Proposed Directions for the Israeli Agenda

Conclusions: Foundational Principles for the Agenda

Our analysis suggests an optimal political agenda for "the day after," aiming to preserve Israel's security interests, win broad domestic support, gain international legitimacy, and maintain Israel's regional military-political leverage vis-à-vis Iran, should adhere to three fundamental principles:

  • At this stage, Israeli consent to a fully sovereign Palestinian state is politically inviable.

  • Israeli security control in Gaza, without a predefined timeline, is necessitated by reality, pending changes in security conditions.

  • A Palestinian entity serving Gaza's Palestinian population is preferable, with Israel having no interest in reinstating direct control over Palestinian,

From statements of European, American, and Arab leaders, it's inferred that all share a tacit working assumption that the Palestinian state's sovereignty might not be absolute. The demilitarization principle, in particular, is frequently mentioned in this context.

Israel's outright rejection of the US initiative could thwart the Palestinian state's establishment but would likely lead Israel into a confrontation with the US, risking political and military isolation in the fight against the "Iranian octopus."

Therefore, Israel should avoid a binary response to the Palestinian state concept. Instead, it should actively shape the essence of the permanent-status of the Palestinian entity and seek a comprehensive security and political package from the US.

 The ‘Revitalized PA' as a Permanent Status

We propose that the Palestinian state effectively be a revitalized PA (more here), designed to address Israel's concerns and interests.

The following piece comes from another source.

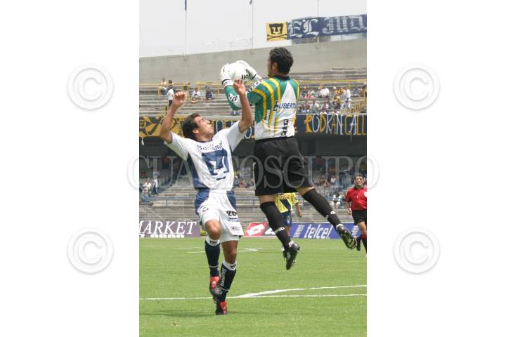 MEXICO, D.F. 10ABRIL2005.- Ismael Íñiguez, de los Pumasde la Universidad y Oscar Dautt, portero del Puebla durante el juego de la fecha 12 del Campeonato Clausura 2005 en el estadio Olímpico. FOTO: Sandra Perdomo/CUARTOSCURO.COM

The 'Palestinian State' would represent a trade-off: Certain sovereignty aspects threatening Israeli security would be limited, while the 'State' would gain authority in areas previously constrained by the Oslo Accords. Limited sovereignty aspects would include:

  • Security: Israel would retain exclusive military jurisdiction in the region, necessitating the demilitarization of the Palestinian entity and strict control over Gaza's entry and exit points. Militias and terrorist organizations would be disarmed, with the 'state' armed solely with police weaponry.

  • Legal and constitutional framework: International oversight is essential in developing the Palestinian legal system to ensure its future constitution does not advocate Israel's destruction or permit entities like Hamas to participate in elections or operate within its territory.

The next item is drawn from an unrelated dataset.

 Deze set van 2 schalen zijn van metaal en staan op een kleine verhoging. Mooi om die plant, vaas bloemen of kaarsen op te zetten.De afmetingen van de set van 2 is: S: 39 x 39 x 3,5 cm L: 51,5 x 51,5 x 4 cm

  • Education: The Palestinian education system requires a de-radicalization process under international supervision, as it currently serves as a breeding ground for incitement and indoctrination against Israel.

  • Budget: Mechanisms must be established to prevent funding to terrorist families or for terrorist activities.

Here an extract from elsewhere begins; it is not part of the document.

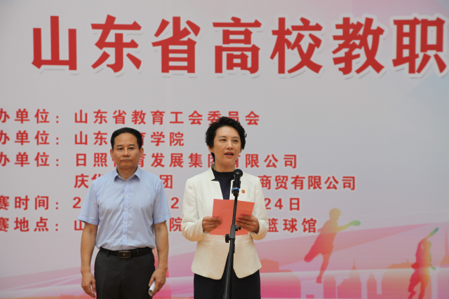 山东体育学院院长毛莉虹,比赛组委会副主任、山东省教育工会主席宋志明,比赛组委会裁判长、乒乓球国际级裁判丁文,比赛组委会副主任、山东体育学院副院长张疆之,山东体育学院副院长孙乐为、张佃波参加开幕式。开幕式由山东省教育工会二级调研员王辉主持。

  • International status: The 'state's' international standing should be limited for several years to prevent conflicts with Israel in international forums.

Successful implementation of this strategy requires:

  • Retirement of Abu Mazen and cooperation with new leadership committed to the aforementioned principles.

  • Transition to direct political dealings between Israel and the international community with the Palestinian 'state', bypassing the PLO to mitigate the risk of Hamas infiltration.

  • Deferred discussions on final borders and other unresolved issues between the two states.

A Complementary Security & Political Package


Israel must advocate for measures that enhance its geostrategic position against regional threats, preventing Hamas the resistance axis from claiming victory. Key actions include:

  • Dissolving UNRWA, which perpetuates the refugee problem and the Palestinian ethos of struggle (more here), should be integral to any political resolution. This move effectively nullifies the right of return and prevents Hamas from claiming victory, even if it survives the conflict.

  • Establishing an updated, effective security regime with Egypt, including control over Gaza's periphery, in light of the current situation.

  • Forming an effective regional alliance under American and international auspices, including normalization with Saudi Arabia, could serve as a potent counterbalance to the Iranian proxy axis.